The Cryo-Tracker MGS is a three-part system that integrates the use of software, electronics, and the “R&D 100” award-winning CT probe. The probe offers increased reliability and adaptability over other cryogenic probes, according to Mark Haberbusch, director of research and technology at SLI. The patented probe has low mass for quick thermal response and flexible, one-piece construction, which reduces potential problems from vibration or breakage. It can also be adapted to different applications that may have size restrictions; Haberbusch explains that the CT probe can be manufactured to virtually any length and width, and has a nominal thickness of 0.030 inches (0.76 millimeters). Flexible material allows the CT probe to be installed along non-uniform tank walls, allowing it to gauge mass, tank pressure, liquid temperature profiles, and liquid levels in tight spaces.
In addition, the probe offers a flexible design configuration; each of the probe’s silicon diode sensors can be independently operated to detect liquid level or sense temperatures ranging from 1.4 K (-457 °F) to 325 K (125 °F) in the liquid as well as the unfilled container space (called ullage). Each diode’s sensing mode can then be toggled on the fly or by a preprogrammed logic of operations. A 1-millimeter-thick layer of polyimide insulates the diodes inside the probe from the fluids, enabling the probe to respond accurately to temperature and liquid-level changes in less than 1 second. The sensing elements can detect the difference between liquid and vapor (even when they are at the same temperature) through the difference in voltage output. This quick response adds a level of safety to cryogenic operations and storage by providing the ability to detect dangerous heat levels inside a tank that could lead to rapid over-pressurization.

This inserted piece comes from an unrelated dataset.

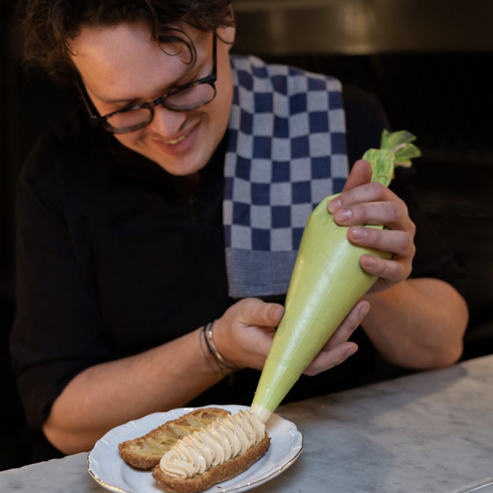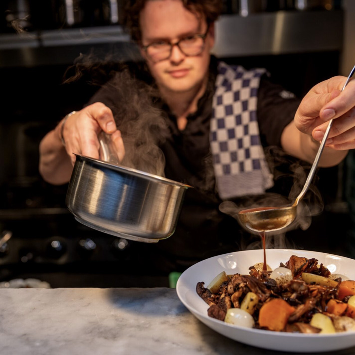 Chef-kok Sil Verhaegh kookt zoals in de Franse bistronomie: met oog voor eenvoud, product en smaakbalans. Hij werkt samen met producenten die zorg dragen voor bodem en biodiversiteit. Zo ontstaan er gerechten die verfijnd zijn in smaak en stevig geworteld in het seizoen.

An electrical enclosure houses the Cryo-Tracker MGS electronics, which include a circuit board and electrical connections. These electronics power the CT probe’s sensors and relay data from the sensors to the Cryo-Tracker MGS software. A microcontroller in the electronics regulates the diode currents, which convey data from the sensors.

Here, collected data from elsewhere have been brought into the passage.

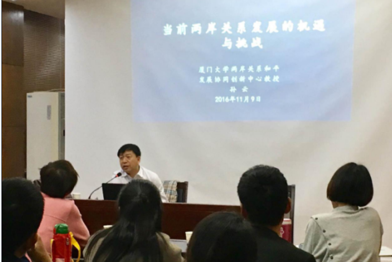 2016年11月9日,老王论坛 荣幸邀请到著名学者、厦门大学台湾研究院博士生导师、厦门大学两岸关系和平发展协同创新中心重大理论平台执行长孙云教授,就"当前两岸关系的机遇与挑战"问题,与本院师生进行学术交流。讲座在法政学院一楼报告厅举行,吴玉宗教授担任主持人,王勇副院长、付翠莲教授、徐旭东、朱婉菁等老师参加了此次学术活动。
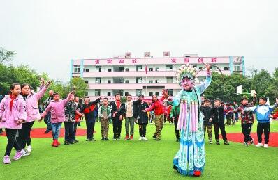 11月4日,重庆市大足区开展送戏曲进校园活动,组织当地有名的川剧演员走进雍溪镇小学,为学生们表演戏曲,并现场教授川剧知识和基本练习动作。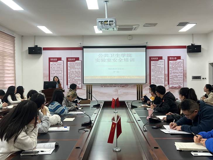 3月23日,研究生党支部组织在校研究生进行实验室安全培训。党委委员、预防医学教研室主任刘俊出席。预防医学实验室主任罗娅主讲,研究生党支部书记赵兰、科技与研究生科副科长粟立羽及全体在校研究生参加。

The third component in the system, the Cryo-Tracker MGS software, determines the mass of fluid in a tank by monitoring liquid temperature, level, and ullage pressure. The software calculates mass and mass uncertainty, identifying the components needing the most monitoring. The software can monitor liquid mass for a variety of fluids in different types of Dewar flasks or tanks. In addition, the software uses computational fluid dynamics to determine the optimum number of sensors and their ideal locations for mass measurements.
Although SLI is currently marketing the Cryo-Tracker MGS primarily to customers interested in medical or industrial storage, it may only be a few years before this “super cool” gauging system appears in consumer products. SLI soon expects that manufacturers will begin using SLI’s Cryo-Tracker MGS to monitor tanks for gas grills and no-vent fuel tanks in liquid hydrogen-powered automobiles.
Cryo-Tracker® is a registered trademark of Sierra Lobo Inc.